Effective 2026-07-06. These terms govern use of this website and set out the general framework for our services. Client engagements are governed by a signed engagement letter, which prevails over this page.
This site is provided by 9GG LLC ("Foundry IR", "we") for general information about our services. Using it does not create a client relationship. Content is provided "as is" without warranties of any kind. We may change any part of the site or these terms at any time; the "effective" date above reflects the latest revision.
Nothing on this site is investment, legal, accounting or tax advice. See Financial Warnings and Disclosure, which are incorporated into these terms.
We provide investor-relations and communications services to issuer clients under written engagement letters that specify scope, term, fees and responsibilities. Unless an engagement letter says otherwise: fees are cash, invoiced monthly in advance, and payable net 15; the initial term is three months, then month-to-month with 30 days' written notice of termination by either party; and we may pause or terminate immediately if required by law, exchange policy, or our compliance standards (see Disclosure §6).
Clients are responsible for the accuracy and regulatory compliance of the information they provide and approve, including securities-law review by their counsel where required. We draft and produce; the issuer approves and owns its disclosure obligations. Clients must promptly inform us of material changes affecting published materials.
Deliverables produced for a client under a paid engagement are assigned to the client on payment.

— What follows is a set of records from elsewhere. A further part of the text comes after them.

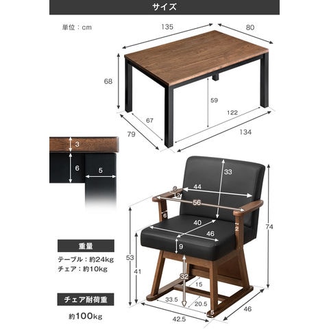 | 【サイズ】外寸:約幅135x奥行80x高さ68cm、天板厚:約3cm 【重量】約24kg 【耐荷重】約60kg 【素材】天板表面材:天然木化粧繊維板(PU塗装)、脚部・幕板:ラバーウッド(PU塗装) 【生産国】インドネシア |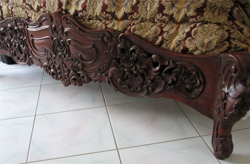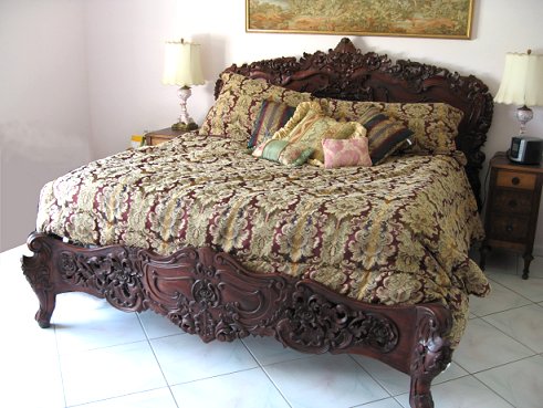 CARVED TO DEATH MAHOGANY KING SIZE BED: Nicely carved 20th C bedstead. Headboard is 59 1/2''h., footboard is 24''h. Accommodates a mattress 80''l. x 76''w.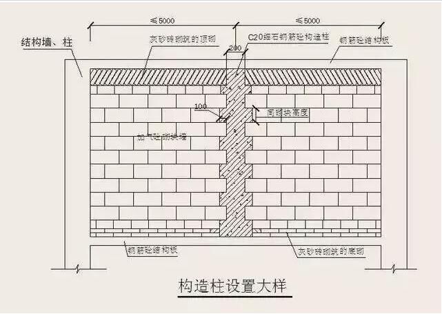 寬度大于2m的洞口的兩側(cè)、長度超過2.5m的獨立墻體的端部;砌塊墻體的長度超過5m時,應(yīng)設(shè)鋼筋混凝土構(gòu)造柱。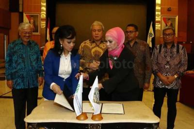 Wakil Ketua Umum Iwapi Bidang International Ira Sofwan (ketiga kiri), Ketua Dewanita Dewan Usahawan Bumiputera Serawak Hajah Juita Haji Drap (ketiga kanan) menunjukan nota perjanjian kerja sama didampingi (kiri-kanan) President Serawak Bumiputera Chamber of Enterpreneurs (DUBS) Datu Haji Halmi Bin Ikhwan, Chairman Sarawak Bussines Federation Datuk Abang Haji Abdul Karim Tun Datuk Abang Haji Openg, Deputy Chief Minister Of Serawak TB Datuk Amar Haji Awang Tengah Bin Ali Hasan, Direktur Investment Application Servis BKPM Husein Maulana dan Konsulat Jenderal Republik Indonesia di Kuching, Sarawak, Malaysia Yonny Tri Prayitno di Gedung BKPM, Jakarta, Kamis (25/10/2018).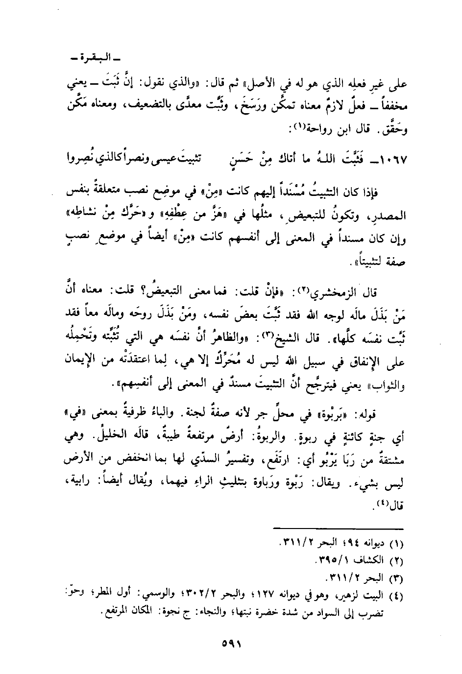 فإذا كان التثبيتُ مُسْنَداً إليهم كانت «مِنْ» في موضِع نصب متعلقةً بنفس المصدرِ، وتكونُ للتبعيضِ، مثلُها في «هَزَّ من عِطْفِهِ» و «حَرَّك مِنْ نشاطِه» وإن كان مسنداً في المعنى إلى أنفسهم كانت «مِنْ» أيضاً في موضعِ نصبٍ صفة لتثبيتاً «.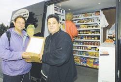 På billedet overrækker Dave Darlington en pakke med engelske specialiteter til James McNally.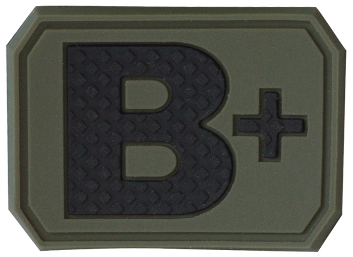 3D blood group patch made of rubber with sewn hook velcro on the back for sticking on soft fleece.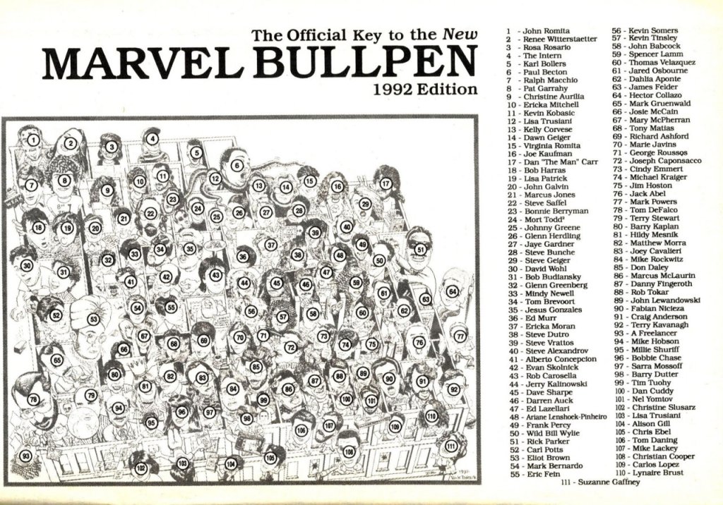 Of all the people included in this image, fifteen years later only Ralph Macchio, Dan Carr and myself are still on staff, and only a couple of other people–Tom DeFalco, Dave Sharpe, Fabian Nicieza–still do any sort of regular work for Marvel.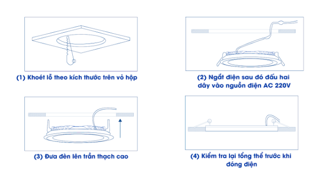 Bước 1: Sử dụng dụng cụ khoan phù hợp với trần nhà, khoan lỗ theo kích thước được nhà sản xuất ghi trên vỏ hộp, nên khoét lỗ vừa với đế đèn hoặc rộng hơn 1 chút để tiện cho việc lắp đặt.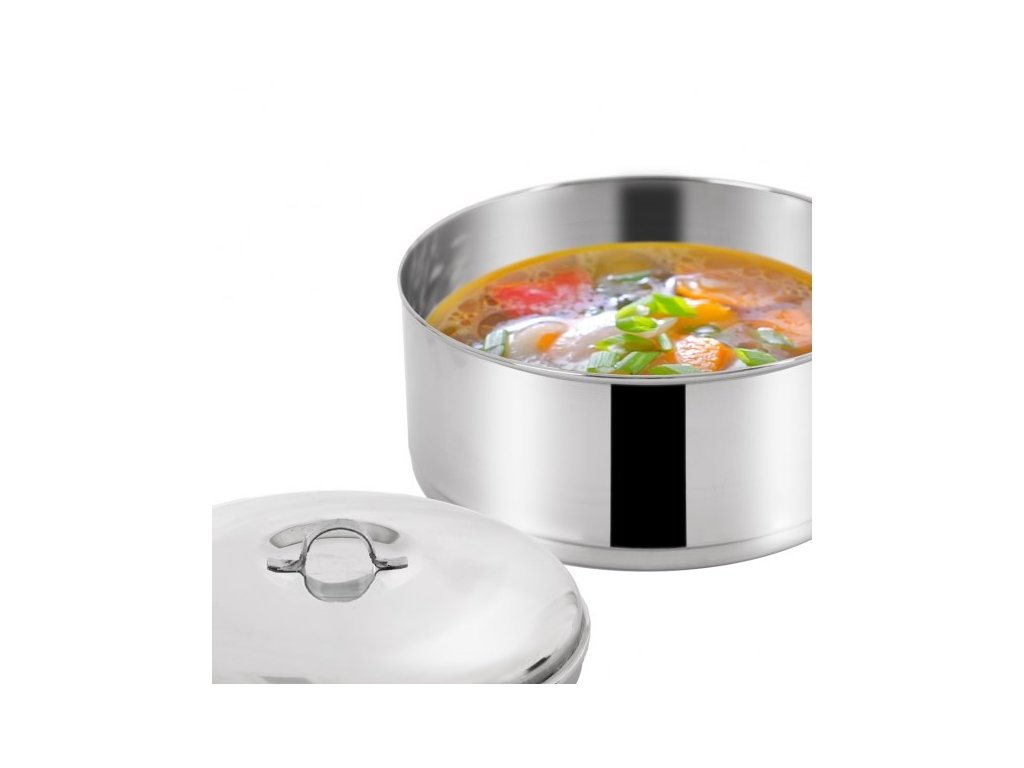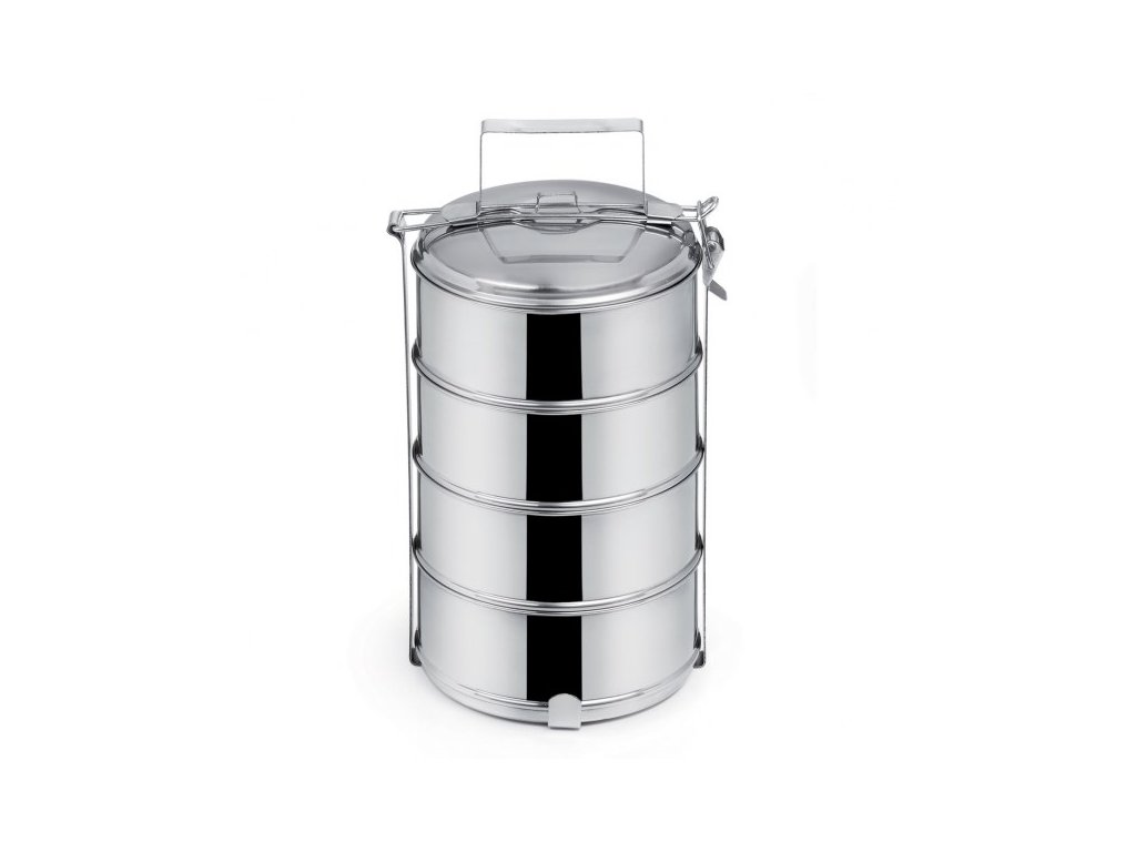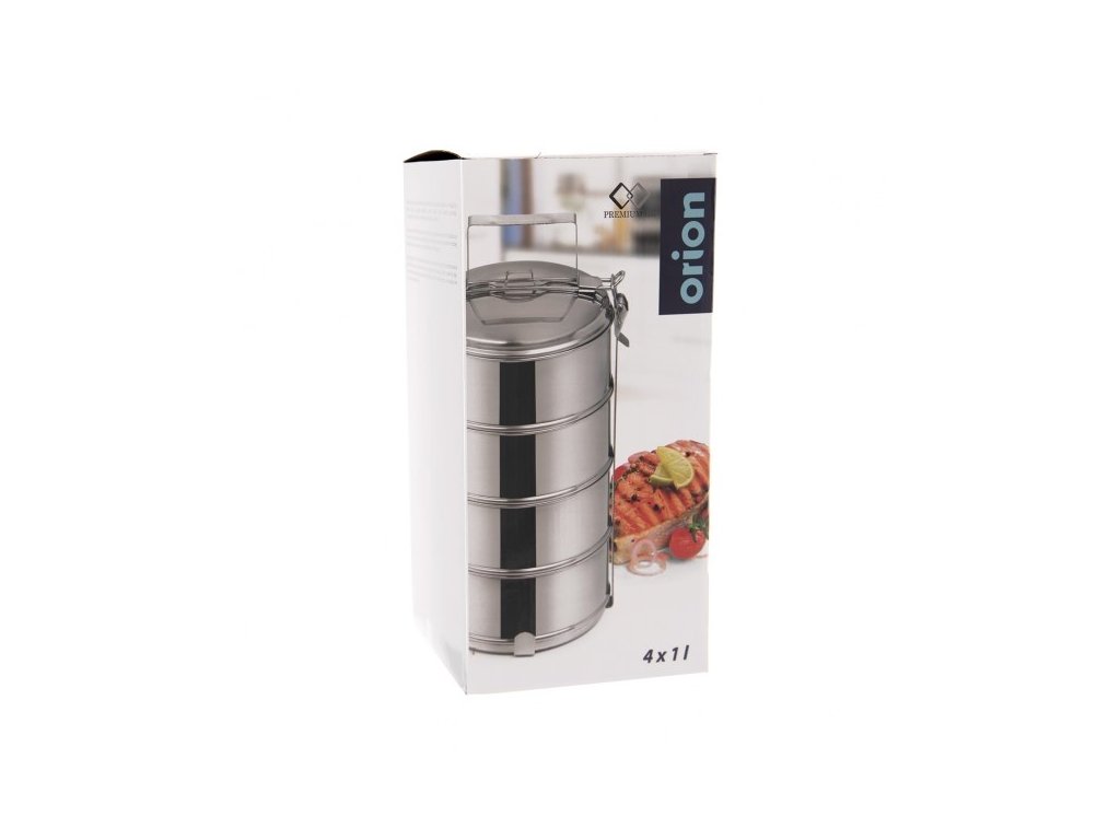 Dopřejte si jistotu kvalitního materiálu, který se nerozbije a neopotřebuje. **Orion nerezový jídlonosič 4 x 1 l** je praktickým a spolehlivým partnerem pro každého, kdo vyžaduje bezpečný transport jídla bez kompromisů v hygieně.

Our underlying systems, software, templates, methods and know-how remain ours. Site content (this website) is ours and may not be reproduced commercially without permission.
Each party keeps the other's non-public information confidential, using it only to perform the engagement. This survives termination. Nothing in this section permits us to receive material non-public information for any purpose other than preparing compliant disclosure with the client's counsel — and clients should limit MNPI shared with us to what that purpose requires.

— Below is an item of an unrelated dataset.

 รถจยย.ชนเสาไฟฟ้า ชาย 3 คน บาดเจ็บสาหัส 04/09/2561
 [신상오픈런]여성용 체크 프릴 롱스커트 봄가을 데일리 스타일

To the maximum extent permitted by law: we are not liable for indirect, incidental, special, consequential or punitive damages, or for lost profits, revenues or market value; and our aggregate liability arising out of or relating to the site or services is limited to the fees paid to us by the claiming party in the three months preceding the claim. Nothing limits liability that cannot lawfully be limited.

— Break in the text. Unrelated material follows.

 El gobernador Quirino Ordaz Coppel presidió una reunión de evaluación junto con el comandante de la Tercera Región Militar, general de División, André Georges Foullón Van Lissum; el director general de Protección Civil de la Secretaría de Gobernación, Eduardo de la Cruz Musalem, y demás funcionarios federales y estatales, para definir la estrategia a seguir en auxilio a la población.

Clients indemnify us against third-party claims arising from information they provided or approved, or from their violation of securities laws or exchange policies, except to the extent caused by our own breach of these terms.
These terms are governed by the laws of the State of Wyoming, USA, without regard to conflict-of-laws rules. Engagement letters may specify a different governing law (for example, for Canadian issuers). Disputes under these website terms are subject to the exclusive jurisdiction of the state and federal courts for Sheridan County, Wyoming.
9GG LLC, 9GG LLC, 30 N Gould St, Ste R, Sheridan, WY 82801, USA. Use the contact form for notices until published mailboxes are live.